2) We stop executing the very small number of people who are legally and factually innocent in order to prosecute a much larger number of very bad guys. I can't support a system that gets it wrong from time to time. If you can, let me know what the acceptable number of innocent people is.
Re: Even liberal Austinites got this one right!
Posted: Mon Mar 03, 2014 8:08 pm
by teraph
cb1000rider wrote:
1) It costs less to put someone to death than it does to keep them in prison for life. Life in prison is a much harsher penalty. As it's cheaper, we should use it.
Can you please explain how it is cheaper to keep someone alive for their natural life, rather than killing them? I do understand that the drug is fairly expensive and there are price tags attached to the court system, and last I remember seeing it could cost up to $30,000 a year (depending on state and level of security) per person to let em rot. Is the drug and the process that expensive to execute 1 person (let them rot at $30,000 x 50 years = $1,500,000)?
Re: Even liberal Austinites got this one right!
Posted: Mon Mar 03, 2014 10:42 pm
by cb1000rider
teraph wrote:
Can you please explain how it is cheaper to keep someone alive for their natural life, rather than killing them? I do understand that the drug is fairly expensive and there are price tags attached to the court system, and last I remember seeing it could cost up to $30,000 a year (depending on state and level of security) per person to let em rot. Is the drug and the process that expensive to execute 1 person (let them rot at $30,000 x 50 years = $1,500,000)?
1.5M is about right for 50 years. I'm not even going to bring up the current issue on lethal injection drugs.
Death is cheaper if we started doing it cheaper - allowing less appeals and maybe re-using a rope. As is, we allow them to appeal for decades, we house them in specialty units that require more man power and are at a much higher cost than the $30k/year you mention. The costs of prosecution are drastically increased also.. Most death penalty candidates are poor, so we're often paying for 4 lawyers - two prosecution, two defense. We're paying for both sides of the decades long appeal process, etc.
Here's a pretty good run down with both sides:
http://deathpenalty.procon.org/view.ans ... nID=001000" onclick="window.open(this.href);return false;
Re: Even liberal Austinites got this one right!
Posted: Mon Mar 03, 2014 10:51 pm
by Redneck_Buddha
cb1000rider wrote:VMI77 wrote:It shouldn't matter that the guy he killed was a cop: he should still get the death penalty.
I'll agree when:
1) It costs less to put someone to death than it does to keep them in prison for life.
Life in prison is a much harsher penalty. As it's cheaper, we should use it.

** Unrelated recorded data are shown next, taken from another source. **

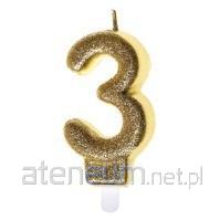 Świeczka urodzinowa, złoty brokat "3" SH-687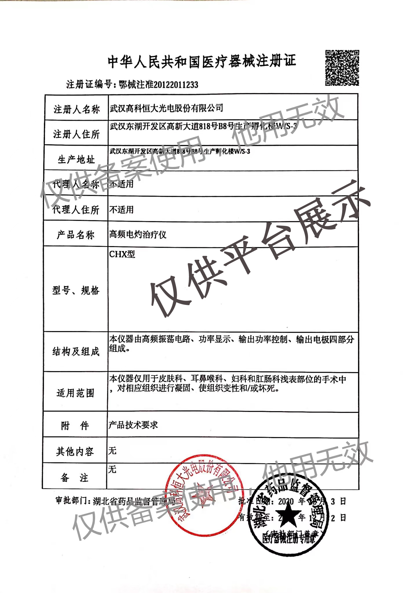 產(chǎn)品名稱 : | 高科恒大 CHX型高頻電灼治療儀 |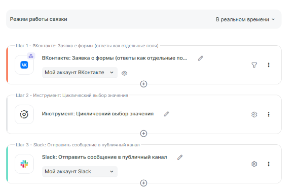 Чтобы быстро обрабатывать заявки из ВКонтакте не нужно постоянно заходить в рекламный кабинет. С помощью автоматизации, можно в режиме реального времени получать данные о новых заявках в мессенджеры, например в Slack, и распределять их между менеджерами.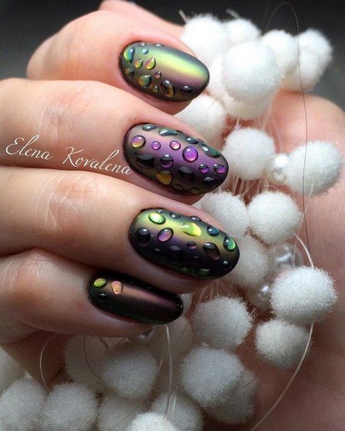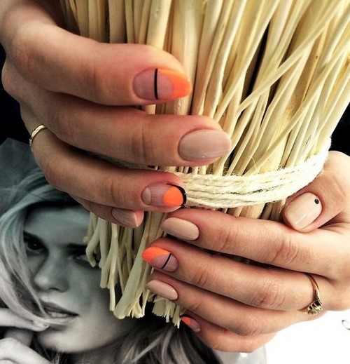 Les techniques novatrices qui nous sont parvenues au cours de la nouvelle saison sont illustrées par la photo d’une manucure à espace négatif. Les dessins avec de la fumée, des toiles d’araignée, des motifs de pois combinés avec des rayures, des étincelles, etc. ont créé une nouvelle atmosphère.

2) We stop executing the very small number of people who are legally and factually innocent in order to prosecute a much larger number of very bad guys. I can't support a system that gets it wrong from time to time. If you can, let me know what the acceptable number of innocent people is.
If this is true, how come nearly every inmate exhausts every single appeal available to them. Death row inmates fight hard to keep that "harsher" sentence working for them.